Code Monkey home page Code Monkey logo

chili's Introduction

Chili Build Status

Have you ever wanted to test out a new feature on only a subset of users? Did that implementation end up being lots of if/else statements embedded in the main code? If so, Chili can help.

Chili is built on top of Rails Engines and Deface and allows you to conditionally add new/modify existing views, while leaving the main code untouched.

Tutorial & Examples

Requirements

  • Rails 3.2+
  • Ruby 1.9.2+

Installation

First add Chili to your app's Gemfile:

gem 'chili'

and run bundle.

Usage

Chili extensions are like mini apps that are created inside your main app's vendor directory using using the "chili" generator.

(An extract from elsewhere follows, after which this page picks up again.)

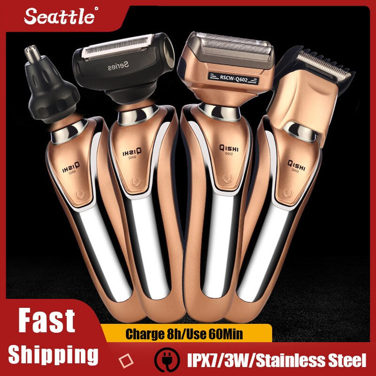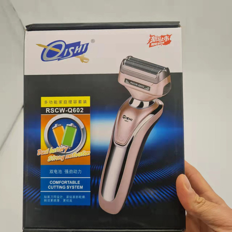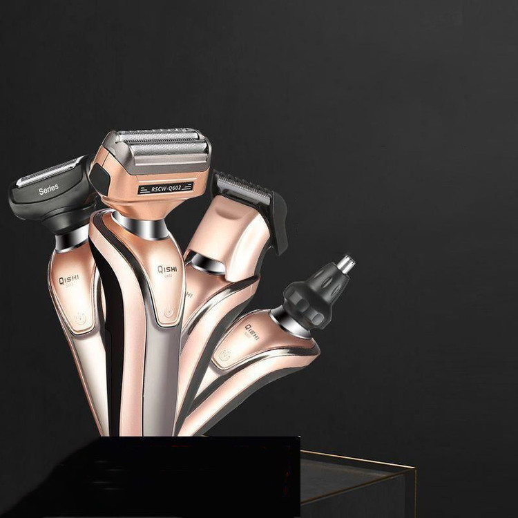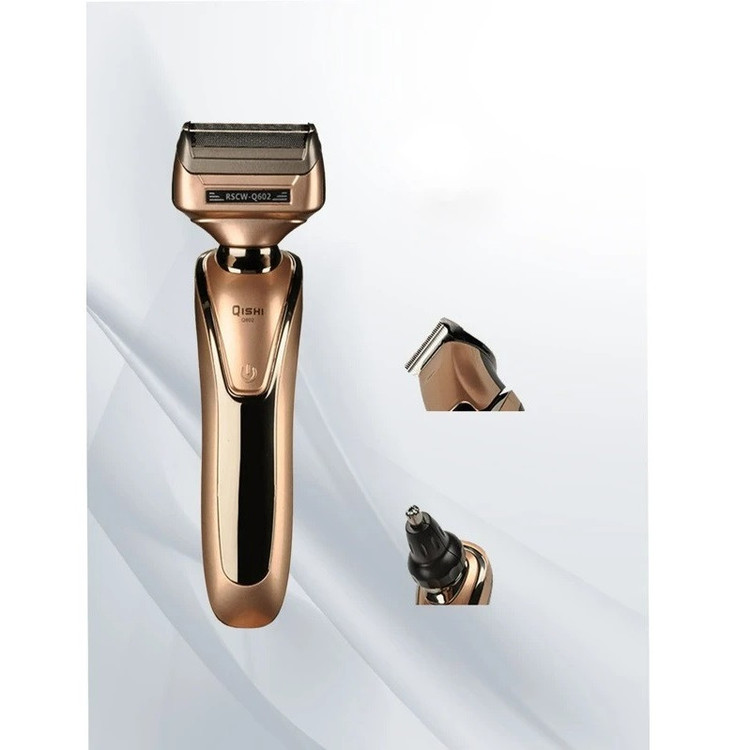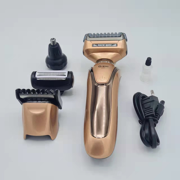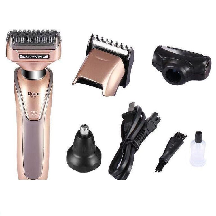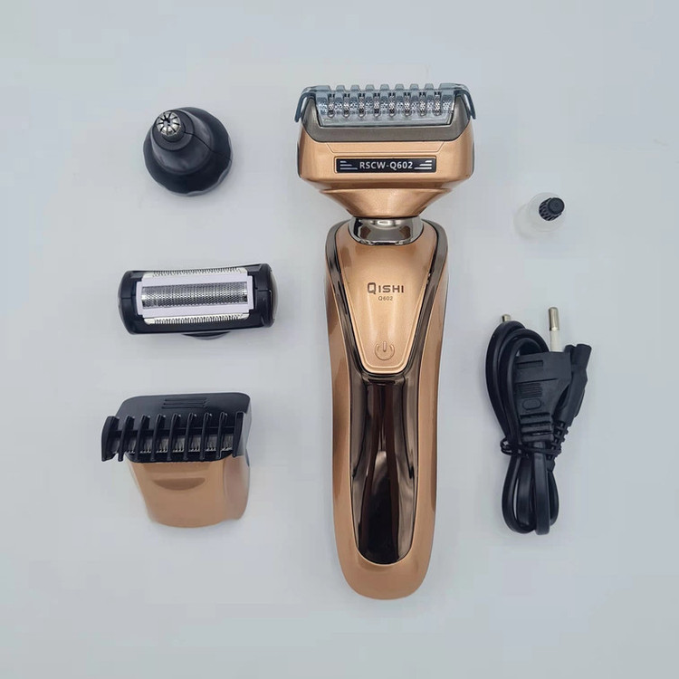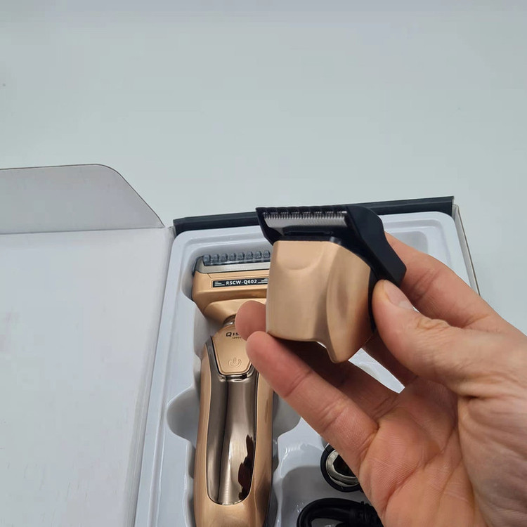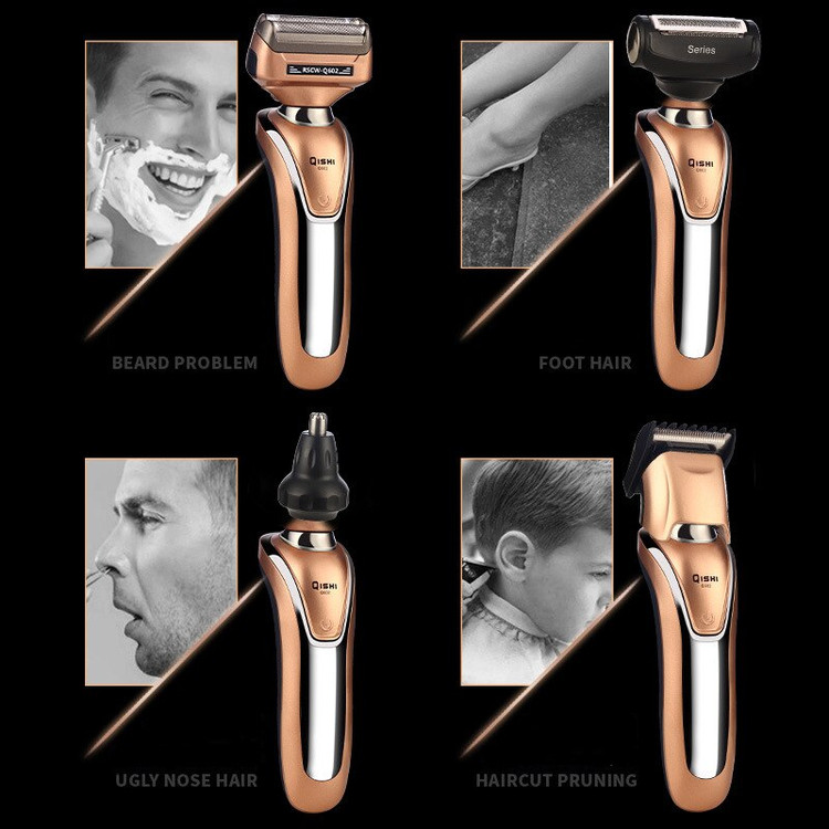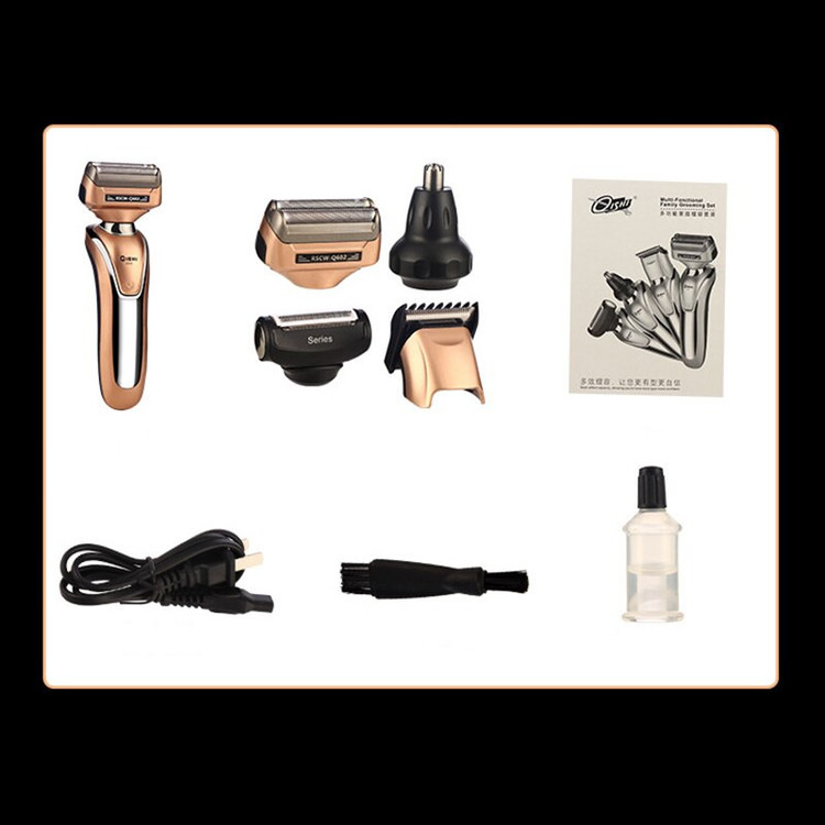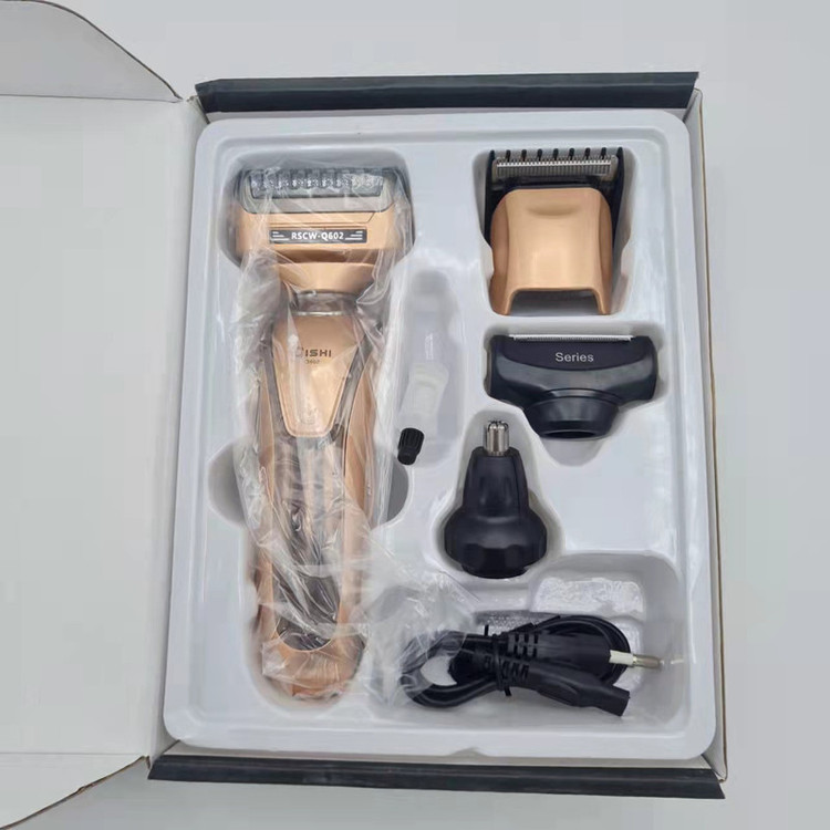 دستگاه ریش تراش . سری خط زن و شانه سایز بندی . سری صفر زن . سری مو های زاید . سری موزن گوش و بینی . کابل برق . روغن .

Creating a new chili extension

As an example, assuming you want to add a new extension named "social" that exposes a new feature in the form of a like-button to a subset of users, first within your main app run:

$ rails g chili:extension social

This will:

  1. Create the directory vendor/chili/social_extension containing the basic structure for the extension
  2. Add a reference to the extension to the main app gemfile

Since the extension is mounted as a gem you'll have to restart the app.

Define who can see the extension

Use the active_if block to control whether new the extension is active for each user. The context of the active_if block is the application controller so you can use any methods available to that.

# lib/social_extension.rb
module SocialExtension
  extend Chili::Activatable
  active_if { logged_in? && current_user.admin? } # Extension is only visible to logged in admin users
end

Modifying view templates in main app

Chili uses Deface to dynamically modify existing view templates (see Deface docs for details) Add overrides to the app/overides directory mirroring the path of the view you want to modify. For example, assuming the main app has the partial app/views/posts/_post.html.erb:

<% # app/overrides/posts/_post/like_button.html.erb.deface (folder should mirror main app view path) %>
<!-- insert_bottom 'tr' -->
<td><%= link_to 'Like!', social_extension.likes_path(like: {post_id: post}), method: :post %></td>

Adding new resources

Run rails g scaffold Like from within the extension's directory. The new resource will be namespaced to SocialExtension::Like and automounted as an isolated engine in the main app at /chili/social_extension/likes, but will only be accessible when active_if is true.

Migrations

Migrations are handled the same way as engines. Use the following commands after you've added a new migration to your extension:

$ rake social_extension:migrations:install
$ rake db:migrate

Modifying existing models

Create a model with the same name as the one you want to modify by running: rails g model User --migration=false inside your extension's directory and edit it to inherit from the original:

# app/models/social_extension/user.rb
module SocialExtension
  class User < ::User
    has_many :likes
  end
end

Access in your overrides/extension views through the namespaced model:

<%= SocialExtension::User.first.likes %>
<%= current_user.becomes(SocialExtension::User).likes %>

Stylesheets/javascripts

Files added to the extension's app/assets/social_extension/javascripts|stylesheets directory are automatically injected into the layout using a pre-generated override:

<% # app/overrides/layouts/application/assets.html.erb.deface %>
<!-- insert_bottom 'head' -->
<%= stylesheet_link_tag 'social_extension/application' %>
<%= javascript_include_tag 'social_extension/application' %>

If you don't need any css/js in your extension, you can remove this file.

Gotchas

  • Chili will not be able to automount if you use a catch-all route in your main app (ie match '*a', to: 'errors#routing'), you will have to remove the catch-all or manually add the engine to the main app's routes file.
  • Just like normal engines, Chili requires you to prepend path helpers with main_app (ie main_app.root_path etc) in view templates that are shared with the main app (such as the main app's application layout file).

Recommend Projects

  • React photo React

    A declarative, efficient, and flexible JavaScript library for building user interfaces.

  • Vue.js photo Vue.js

    ๐Ÿ–– Vue.js is a progressive, incrementally-adoptable JavaScript framework for building UI on the web.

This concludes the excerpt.